The only way the program can avoid perpetrating undefined behavior in the statement "x = x / 0" is if it does not execute that statement.

Thus, to assume that the program does not invoke undefined behavior is tantamount to assuming that the program does not execute "x = x / 0".

But "x = x / 0" follows printf("hello\n") unconditionally. If the printf is executed, then x = x / 0 will be executed. Therefore if the program does not invoke undefined behavior, it does not execute printf("hello\n") either.

If the program can be assumed not to execute printf("hello\n"), there is no need to generate code for it.

Look at the documentation for GCC's __builtin_unreachable:

> Built-in Function: void __builtin_unreachable (void)

> If control flow reaches the point of the __builtin_unreachable, the program is undefined.

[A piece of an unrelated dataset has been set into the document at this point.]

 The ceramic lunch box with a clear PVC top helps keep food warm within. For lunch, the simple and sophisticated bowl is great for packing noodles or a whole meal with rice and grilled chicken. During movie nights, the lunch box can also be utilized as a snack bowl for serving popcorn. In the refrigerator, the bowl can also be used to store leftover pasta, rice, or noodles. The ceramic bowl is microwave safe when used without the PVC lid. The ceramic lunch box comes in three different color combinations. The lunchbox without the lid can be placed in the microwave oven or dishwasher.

It is useful in situations where the compiler cannot deduce the unreachability of the code.

The unreachable code assertion works by invoking undefined behavior!

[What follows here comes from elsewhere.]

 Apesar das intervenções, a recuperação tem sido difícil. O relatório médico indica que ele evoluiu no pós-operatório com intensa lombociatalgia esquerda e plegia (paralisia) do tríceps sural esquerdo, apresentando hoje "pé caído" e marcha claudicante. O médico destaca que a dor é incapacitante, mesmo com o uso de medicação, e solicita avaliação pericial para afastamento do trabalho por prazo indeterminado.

x/0 is not reached if the printf blocks forever, exits or return via an exceptional path (longjmp in C, exceptions in C++). Now specifically standard printf won't longjmp or exit (but glibc one can), but it still can block forever, so the compiler in practice can't hoist UB over opaque function calls.

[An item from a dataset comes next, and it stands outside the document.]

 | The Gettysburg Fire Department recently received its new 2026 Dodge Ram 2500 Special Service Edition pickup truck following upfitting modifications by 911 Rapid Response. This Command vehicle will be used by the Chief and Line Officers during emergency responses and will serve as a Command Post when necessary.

edit: this is in addition to the guarantees with regard to side effects that uecker says the C standard provides.


But does `printf();` return to the caller unconditionally?

This is far from obvious -- especially once SIGPIPE comes into play, it's quite possible that printf will terminate the program and prevent the undefined behavior from occurring. Which means the compiler is not allowed to optimize it out.


`for(;;);` does not terminate; yet it can be removed if it precedes an unreachability assertion.

The only issue is that writing to a stream is visible behavior. I believe that it would still be okay to eliminate visible behavior if the program asserts that it's unreachable. The only reason you might not be able to coax the elimination out of compilers is that they are being careful around visible behavior. (Or, more weakly, around external function calls).


Yeah but do you have an actual instance of "time travel" happening? Without one the issue is merely theoretic discussion of how to understand or implement the standards. If you provide a real instance, the practical impact and possible remedies could be discussed.


Mmmh, how about

    #include <stdio.h>


    int f(int y, int a) {
        int x, z;
        printf("hello ");
        x = y / a;
        printf("world!");
        z = y / a;
        return x+y;
    }
In godbolt, it seems the compiler tends to combine the two printfs together. So if a=0, it leads to UB between the printfs, but that wont happen until after the two printfs. Here the UB is delayed. But will the compiler actually make sure that in some other case, the x/a won't be moved earlier somehow? Does the compiler take any potentially undefined behavior and force ordering constraints around them? ...The whole point of UB is to be able to optimize the code as if it doesn't have undefined behavior, so that we all get the maximum optimization and correct behavior as long as there's no UB in the code.


If a compiler can determine that some statement is UB, it can treat that as an assertion that the code is unreachable. All other statements which reach only that code and no other are also unreachable.

A compiler's analysis can go backward in time. That is to say, the compiler can build a model of what happens in some section of code over time, and analyze it whichever way it wants.

You cannot go back in time from execution time to translation time, but the translator can follow the code as if it were executing it at translation time.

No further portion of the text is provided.